だが、2日目の事件で何かが違った。警察の捜査が早かったのだ。犯行現場に戻ると、警察官が集まり始めていた。「逃げなきゃ」と心の中で叫びながらも、足が動かない。家の中で何時間も物色していた後だった。慌ててその場を離れようとしたが、気づいた時には遅かった。

その時、彼の携帯が鳴る。見ると、交際相手からの着信だった。「日尚、警察が来てるって。」彼女の声は冷静だった。心の中で何かが弾けた。「どうしてそんなことを…」と彼女に問いかけたが、答えはなかった。

数時間後、日尚太は警察署に連れて行かれた。その間、交際相手の姿が頭に浮かぶ。彼女は、日尚太が犯行に加担している可能性があると感じ取っていたのだ。彼女が交番に駆け込んだのだ。

「彼氏が関与してるかもしれない」―彼女が交番でそう訴えたおかげで、日尚太は逮捕された。その瞬間、彼はどうして彼女がそんなことをしたのか理解できなかった。彼女を裏切るようなことをしていた自分が悪いのだろうか。だが、交際相手の行動が、どこかで彼にとって救いだったようにも思えた。

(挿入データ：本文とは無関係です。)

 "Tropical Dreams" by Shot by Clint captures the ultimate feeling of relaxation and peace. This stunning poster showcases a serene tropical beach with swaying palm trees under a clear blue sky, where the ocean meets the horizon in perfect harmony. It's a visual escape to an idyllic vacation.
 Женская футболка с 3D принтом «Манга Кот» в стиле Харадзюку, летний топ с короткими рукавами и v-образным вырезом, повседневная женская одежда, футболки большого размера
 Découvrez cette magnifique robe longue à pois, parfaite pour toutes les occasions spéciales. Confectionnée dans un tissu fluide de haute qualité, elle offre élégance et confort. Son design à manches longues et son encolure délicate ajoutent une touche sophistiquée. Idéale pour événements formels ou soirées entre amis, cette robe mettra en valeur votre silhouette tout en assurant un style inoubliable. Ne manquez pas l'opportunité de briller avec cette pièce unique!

その後、捜査が進む中で、日尚太は供述を始めた。「金が欲しかった」と。闇バイトに誘導されたのは、ただ金が必要だったからだ。その世界に巻き込まれてしまい、抜け出せなくなった。

本橋は、交際相手に助けられた形となった。彼女の勇気ある行動が、彼の運命を大きく変えた。だが、それが本当に「救い」だったのか、日尚太には分からなかった。ただ、彼女のために何かを取り戻すことができるなら、それが唯一の希望となった。

数日後、捜査は進み、日尚太の供述を元に他の容疑者たちが明らかになっていった。日尚太の供述により、一連の強盗事件の実行役が特定され、逮捕者は40人を超えた。しかし、彼の心の中には、ただの後悔と空虚感しか残らなかった。

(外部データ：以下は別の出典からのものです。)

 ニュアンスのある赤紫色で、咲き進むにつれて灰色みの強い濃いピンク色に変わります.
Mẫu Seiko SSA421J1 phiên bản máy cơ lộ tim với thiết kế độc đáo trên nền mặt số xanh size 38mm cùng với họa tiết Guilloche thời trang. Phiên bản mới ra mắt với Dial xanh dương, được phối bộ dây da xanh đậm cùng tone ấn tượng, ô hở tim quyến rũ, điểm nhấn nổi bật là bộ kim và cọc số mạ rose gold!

「結局、俺は何をしていたんだろう?」と、日尚太は自問自答する。金を手に入れるため、他人を裏切り、傷つけた。彼にとっての報酬は、最初から手に入らないものだったのかもしれない。

そして、交際相手の行動が、彼の運命を切り開いた。警察に訴えるという行為は、彼女にとっても決して簡単なことではなかっただろう。しかし、それが日尚太を救う手段だったとしたら、彼はその意味を深く考えるしかなかった。

「俺は、彼女のために変わらなきゃ。」そう心に誓った日尚太は、これからの人生で一度でもその誓いを守ることができるのだろうか。